# new really frightened cockatiel, help!



## Sillabub (Jul 1, 2011)

i always wanted a dog or a minipig but my parents wouldnt let me get one of those so my thoughts went to birds and after checking out some forums and so on i realized cockatiels seemed like a good way to go so after about 2 weeks of waiting i now 3 days back got my little scared baby chippy, the problem though is that he doesnt eat or drink he just sits there on his stick shaking in fear ive tried sitting with him singing/talking and reading books to him also playing music when i do so he seems to soften up abit blinks alot chumbs and yesterday after much effort and about 2 hours of soft talking to him he gasped (i got so happy) hes also so cute cause when i whissle to him he replies with the tiniest peep ive ever heard, ive read on other sweedish forums and ive been told that its common that they are this frightened and that i should give him atleast a weeks peace before trying to make him hand tame. im getting really nervous about this not-eating-not-drinking-part though ive put his water/food pots on his stick also attached some appleslices to the bars but he wont eat what shall i do?:/ im getting so worried of his health now


----------



## mikec2003 (May 28, 2011)

It's possible he's not eating in front of you, but is eating when you're not in the room.

take his food dish and blow into it. If stuff goes flying out, those are empty seed husks, and that means he is, in fact, eating. It's hard to tell an empty seed from a full seed when a bird eats it, they are very good seed openers.

and not eating apples isn't too hard to imagine, I've been told that cockatiels aren't big fruit eaters. perhaps at first, offer him broccoli or carrots.


anyways, good luck, just don't rush things with the training and bonding, and all should be well


----------



## tielfan (Aug 31, 2008)

Hang up some millet spray and some leafy greens in the cage. It's very common for a bird to be too frightened to eat in a new home and some will go without food for three days (although I've never heard of one going longer than this). Eating food that's hanging up is less scary than sticking one's head down in an unfamiliar food cup. The bird can watch for danger while it nibbles the hanging food but has to let its guard down for a moment to put its head in the cup. The fresh greens will help provide moisture.

Cover the cage on three sides until you're sure the bird has eaten. This will make the bird feel safer since it only has to watch for danger in one direction.

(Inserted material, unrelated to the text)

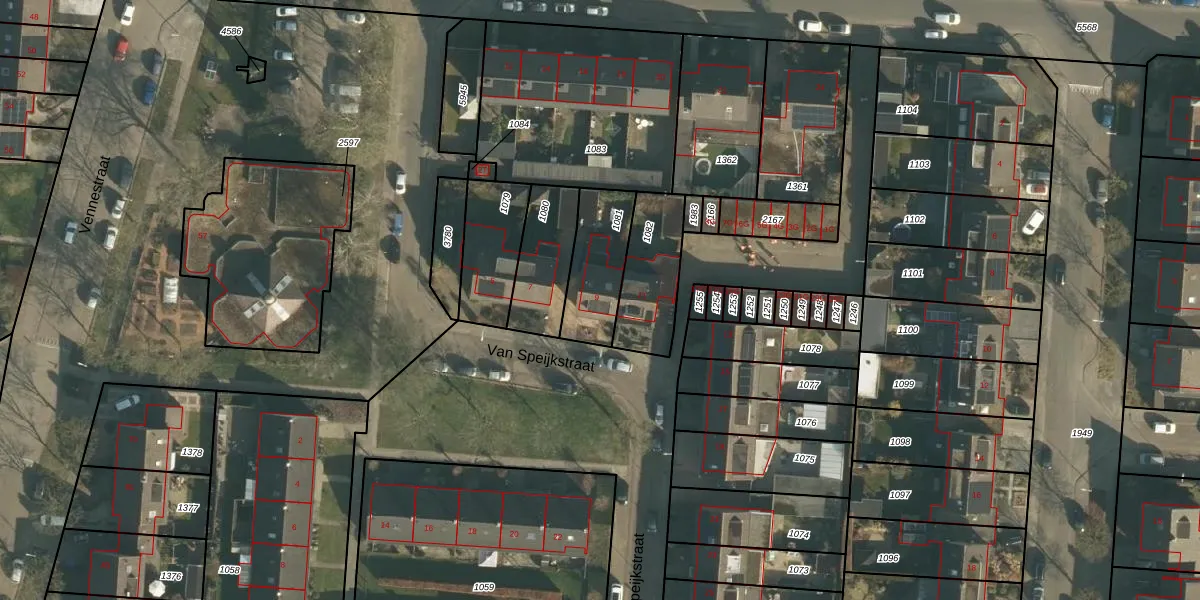 Van Speijkstraat 9 is gelegen op kadastraal perceel DNN00L1081. Deze kadastrale aanduiding is uniek en wordt gebruikt door het Kadaster om eigendomsrechten en andere zakelijke rechten vast te leggen. Het perceel maakt onderdeel uit van de kadastrale gemeente Drunen.
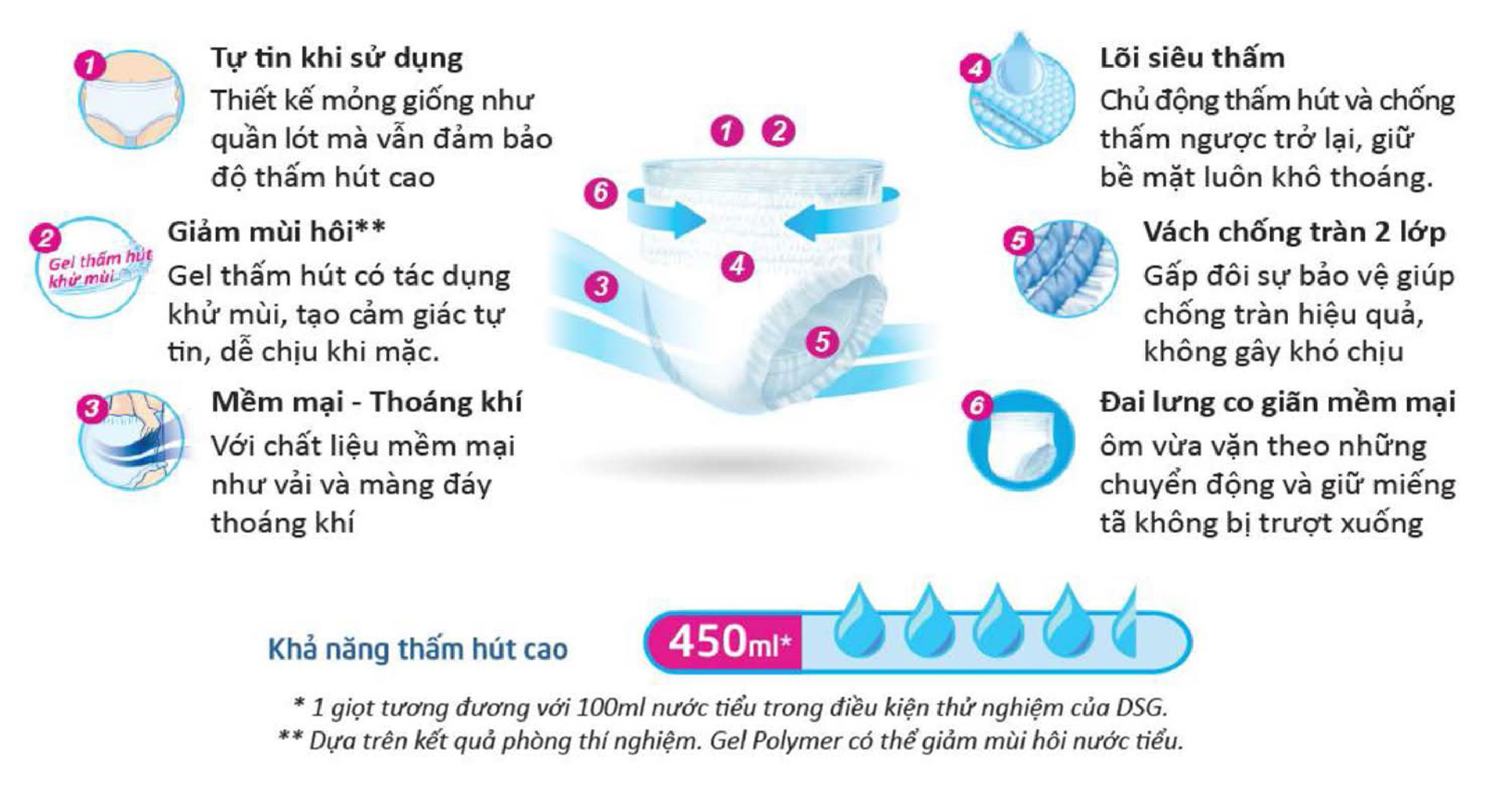 - Với thiết kế như quần lót, mỏng và có độ thấm hút cao, tã quần DayPants giúp người dùng tự tin trong các hoạt động hàng ngày.

Birds are prey animals in the wild and are especially on the lookout for danger when they're in an unfamiliar place.


----------



## Sillabub (Jul 1, 2011)

he has now eaten i feel so much calmer now ^^ ' i heard a high peeep scream ran to the cage and there he sat in the food container happily eating  although he seem to have something around the nose opening i cant tell exactly what it is since i dont wanna move too close to the cage and make him even more scared could possibly be a feather that got stuck when he cleaned himself or something weird i dont know, im just conserned of all these possible dangers im just already too much in love with this bird to want anything bad to happen to him


----------



## This'll Do (Jun 24, 2011)

Welcome! Glad to hear your new friend is eating.
If the thing stuck to his nare (nose opening) looks like a feather, it likely is. That happens to them frequently and they'll walk around like it doesn't bother them. It would sure drive me nuts.
You want weirdness, wait until you see him stick a toenail in his nare and wiggle it around while making little sneezy noises!
It's good to be concerned because that means you're paying attention. Try to stay calm (easier said than done sometimes!) and let him settle in at his own pace. With birds it's all about patience. 
And listen to tielfan-- I'm a newbie here too and noticed very quickly that her advice is always spot-on.


----------



## tielfan (Aug 31, 2008)

Thank you! Although if you stick around for a while you'll notice that I'm not always right, so don't listen to me if several other knowledgeable people are saying something different.


----------



## This'll Do (Jun 24, 2011)

tielfan: I'll keep that in mind, LOL. That's what forums are for, right? Lots of different viewpoints.
I sure wish I'd had access to this kind of resource years ago when I had birds. Lots of knowledge here. I've seen answers here show up in minutes that, back in the day, I had to glean from books, vet consults, and trial and error. Things that I know are correct, but took me years to learn. It's great for the new owners.


----------



## clawnz (May 28, 2009)

Welcome to the forum.
Tielfan has very good advice, so don't take any notice when she says she is not always right.
It is that calm approach that makes the bird feel safe.
The idea of covering three sides of the cage does work, it makes them feel a lot safer.

You never said where you new one was a tame one or not? And how old is it?
Again it is right, Tiels do not take to fruit that much, but there are lots of veges they will tuck into.
For my money I love sprouting. Or giving them sweetcorn. I also use fresh greens like silverbeet, grass in seed, dandilions, milk thirstle, chick weed. These are just a few you can try if they are available in sweden.
Good luck with your new baby.


----------



## Sillabub (Jul 1, 2011)

im not exactly sure about his age but they said 6-8 weeks in the pet shop  and no hes not tame but he seem very friendly non the less always saying hello to me when i enter the room ^^ now hes making quite alot of progress now when i woke up i sat in the chair 1,5 meter from him he jumped into the food crate (never seen him move when im watching) and then he actually dared to put his head down and eat having me that close and a cat on the floor watching :3 and yeah the feather is gone today. how will i know when hes ready to start training to make hand tame?


----------



## Sillabub (Jul 1, 2011)

have started the getting-hand-tame-training today got him to be relaxed sitting 2 decimeters from my hand and still relaxing after about 20 minutes of training the first and only time i tried gets me a pretty neat impression hes such a cutie <3 hopefully he wants to sit on my hand pretty soon


----------